I have a provocative question to ask of experienced and beginner data scientists alike, whether you are fully fluent with the syntax you use to analyze data or not quite comfortable with the command line. Do you think a graphical tool for exploratory data analysis could make you more productive? Would you consider using such a tool? What would you envision such a tool be able to do for your workflow?
In the same way that an effective visualization can reveal and communicate more insight than a basic table of numbers, I think there can be an effective visual interface to guide data analysis without having to write code. I love writing code and I love analyzing data. But I’ve realized that trying to do both at the same time doesn’t always work well.
In 2019 I wrote over 13,000 lines of R with another 7,000 lines of RMarkdown. These pale in comparison to the astonishing (even to me) 62,000 lines of SQL that I wrote, but I’ll save the topic of optimizing my SQL workflow for another day. Several months ago after two intensive and tightly time-bound projects that involved a lot of exploratory analysis, I took a few hours to reflect on my workflow, in sort of a personal project postmortem. While the project goals were met and I was happy with the results, I was often very unhappy with the way I was working to get those results.
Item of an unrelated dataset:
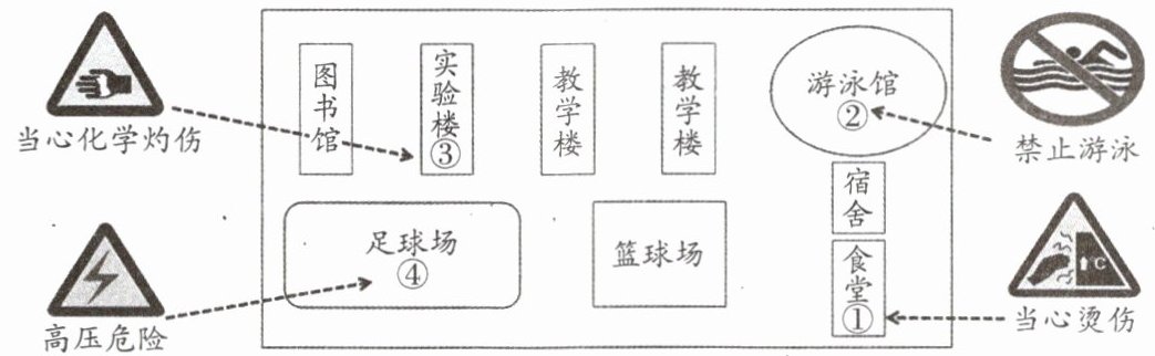 2. 某校正开展“安全标识知多少”主题实践活动,学生小娜在学校四个地点摆放了安全标识(如下所示),其中摆放位置恰当的是 (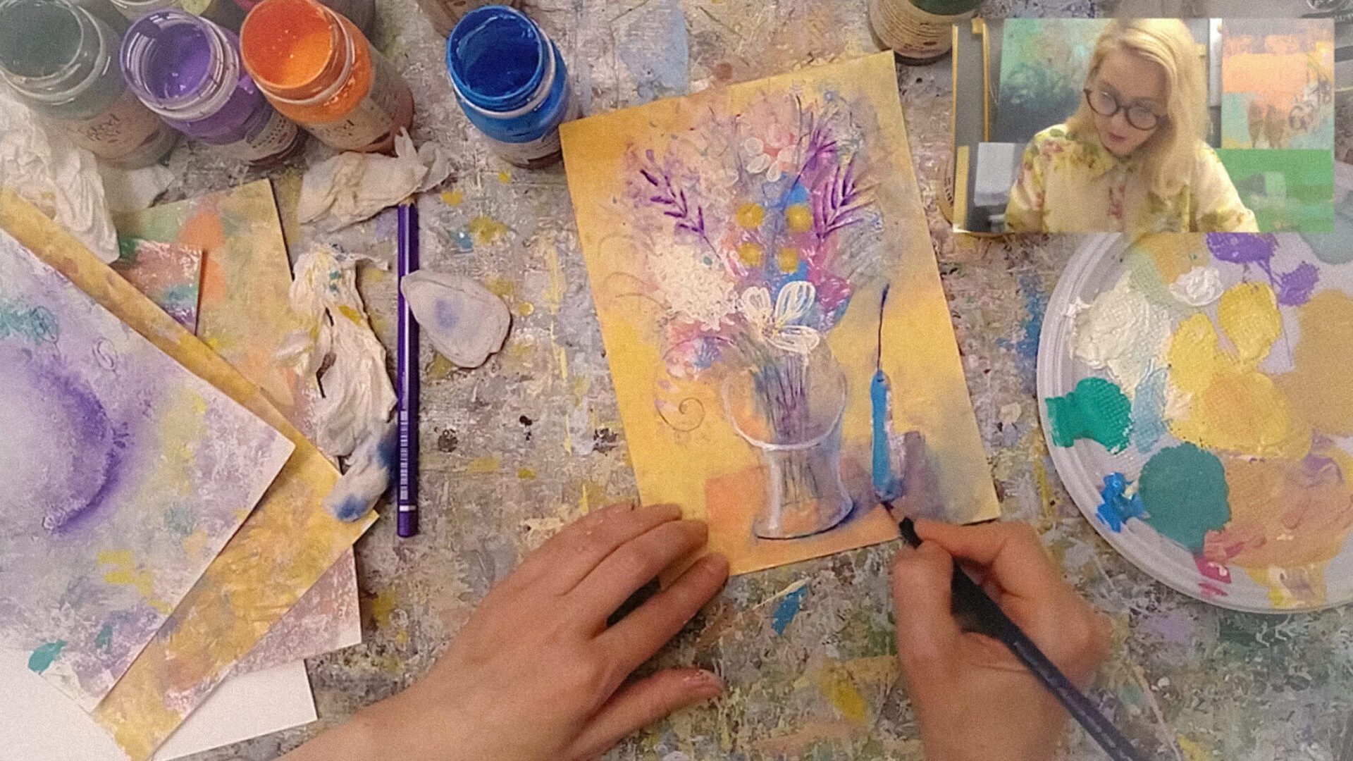 В ходе данного видеоурока мы вместе со Светланой применим технику и проработаем все её нюансы на практике, создавая натюрморт «Цветы в стеклянной вазе».

In the course of my postmortem I identified two common themes that underpinned my general frustrations. First, the context switch between analyzing data and programming data was interrupting my train of thought. Taking my eyes off the data, even for a quick moment to type a simple command, could very easily distract me just enough to lose sight of the idea I had in mind for how I wanted the data to look. Translating the mental model I had constructed in my head of what I wanted to see into the programmatic representation of how to generate it proved to be a substantial disruption. Even for someone who is very comfortable with the command line, and even with the tight and highly expressive syntax of tidyverse packages, rapidly moving between analysis and programming introduces a cost.
The second theme I identified is that the verbose and unstructured development code that I was writing was brittle, unorganized, repetitive, and too unreliable to be distributed or reproducible without substantial revision and dedicated testing. The raw analytical process involves a lot of iteration: exploring a lot of what become dead ends or uninteresting results or things simply not relevant to the final outcome. As I’m exploring, I tend not to delete or overwrite any of my code, because when I used to do that I would always get to a point where I wanted to go back to a result I had played with several iterations ago. The benefit of this approach is that everything is saved. The downside to this approach is that everything is saved! I don’t want to delete anything for fear of needing it again, but this means that my development files become such a jumbled mess that it takes several hours of painstaking concentration at the end of a project to distill them into something I can confidently distribute.
After identifying and verbalizing these two pain points, my first instinct was to scrutinize my workflow. What was I doing wrong? Why was I not using these tools effectively? What can be improved in the process to avoid these outcomes?
As an experiment I tried some alternate workflows, for example using RStudio exclusively for the next few projects. But this did not solve the problem. RStudio is still primarily a code editor and is designed to make programming with R easier, but not specifically to make data analysis easier. Of course, the tidyverse packages themselves are designed to make data analysis easier, and they have indeed radically transformed, unified, and simplified the most common tasks that data analysis involves. But, they still rely on you to program them. What I argue is that the very act of switching from analysis to programming is what’s causing the trouble.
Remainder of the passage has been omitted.